▸ Required work
Exactly the lines from the one containing "7:20. Пока чайник" through the final line of the data below, with pictures omitted, make up the answer.
-----
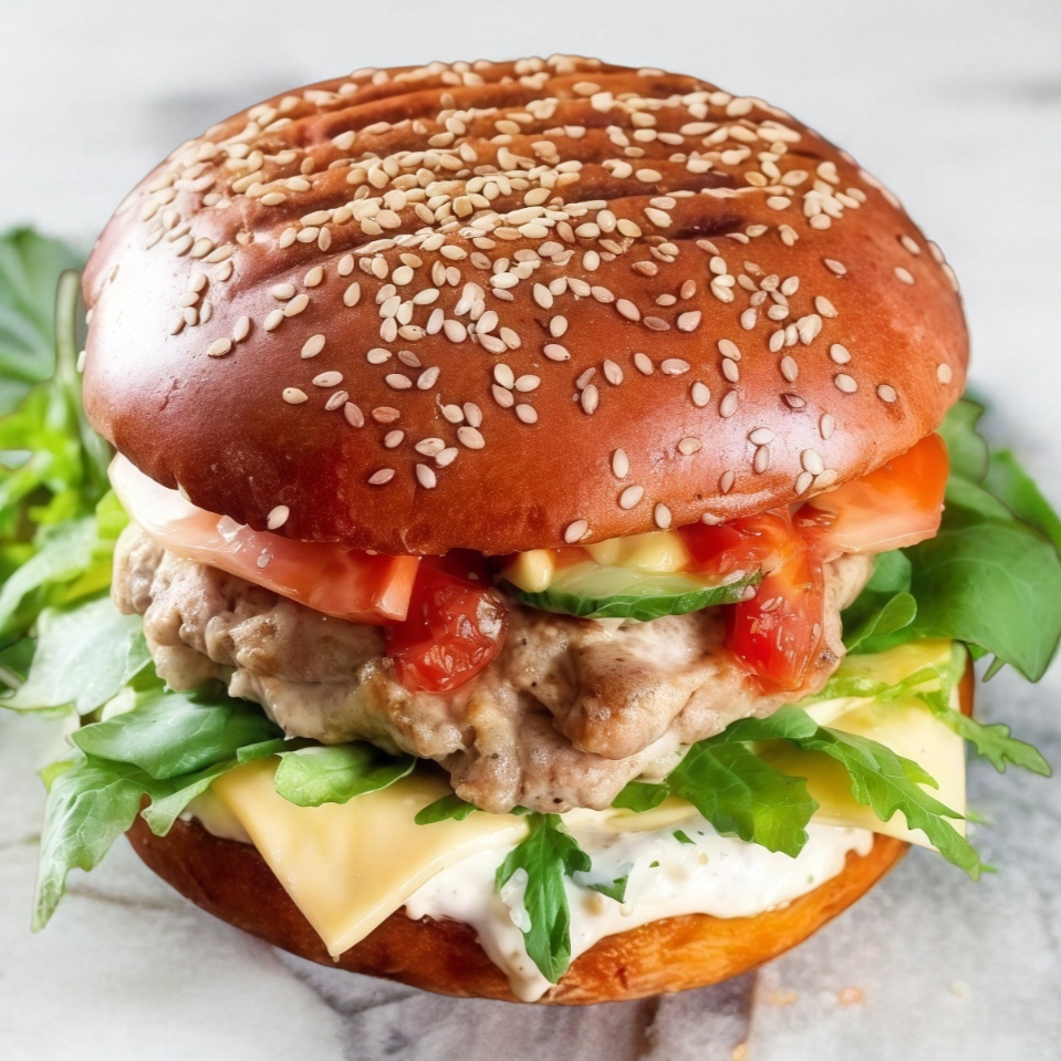 CHICKEN BURGER CON CHAMPIÑONES 🐔🐔🐔 ( POLLO )
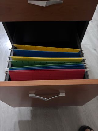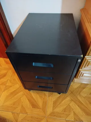 Cajonera de estilo juvenil con un diseño moderno y funcional. Sus ruedas facilitan su movilidad. Uno de los cajones está algo tocado. La parte trasera en la parte superior también. Rueda bien y los cajones abren perfectamente y por dentro están en buen estado.
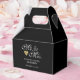 Obrigado seus convidados com essas belíssimas e elegantes caixas de favoritos de casamento. MR & MRS. com noiva e nomes de noivos com data de sobrenome e casamento. Preto e branco com um coração de folha de ouro falso para dar esse toque extra. Ajustado qualquer tema de casamento ou esquema de cores. Todo o texto pode ser editado ou excluído.
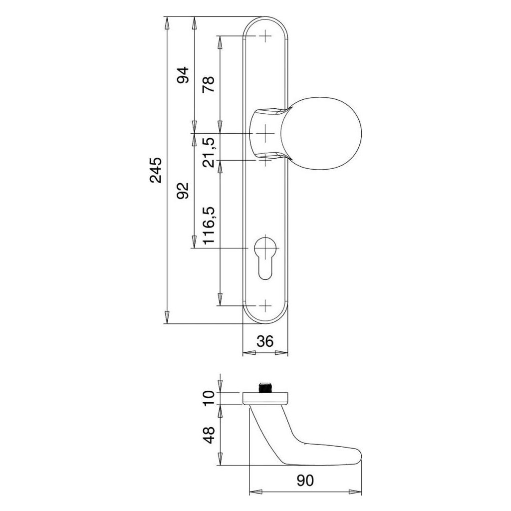 Štítové kovanie guľa/kľučka KRONOS z nehrdzavejúcej ocele / 8 mm, PZ 92/
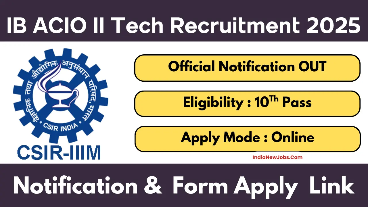 | Recruitment Organization | CSIR-Indian Institute of Integrative Medicine (CSIR-IIIM), Jammu |
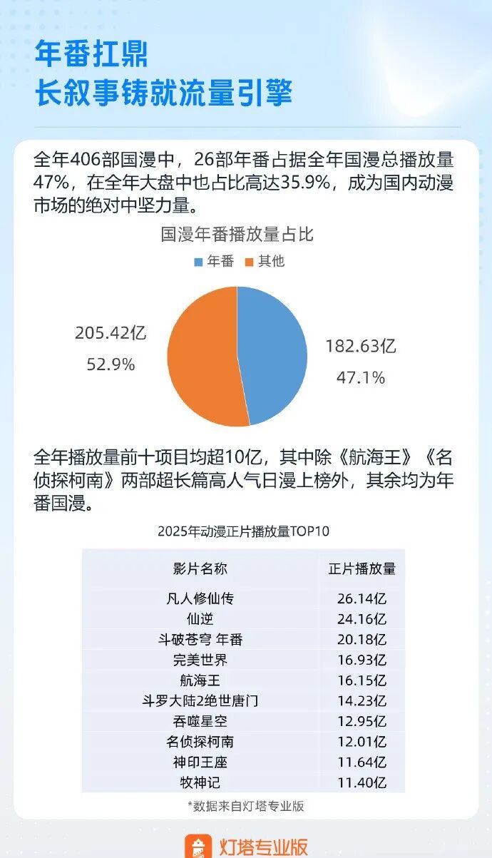 全年406部国漫中,26部年番以“长叙事”突围,贡献了47%的总播放量。而在年度播放量TOP10榜单中,《凡人修仙传》以26.14亿播放量登顶。
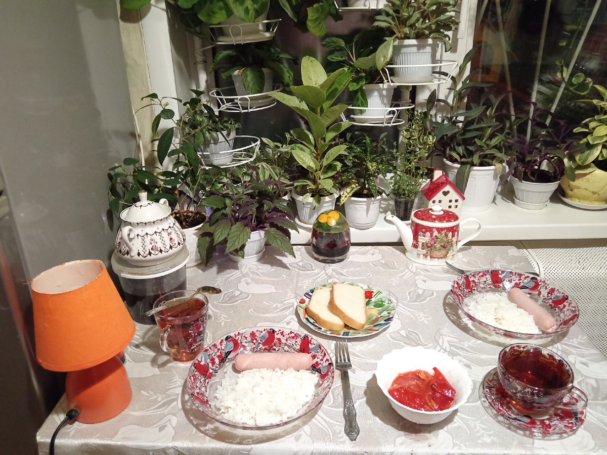 7:20. Пока чайник угрюмо напоминал о своём присутствии, сварила длиннозерный рис.
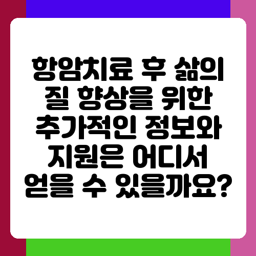 항암치료 후 삶의 질 향상을 위한 추가적인 정보와 지원은 어디서 얻을 수 있을까요?
-----
▸ Answer
 7:20. Пока чайник угрюмо напоминал о своём присутствии, сварила длиннозерный рис.
 항암치료 후 삶의 질 향상을 위한 추가적인 정보와 지원은 어디서 얻을 수 있을까요?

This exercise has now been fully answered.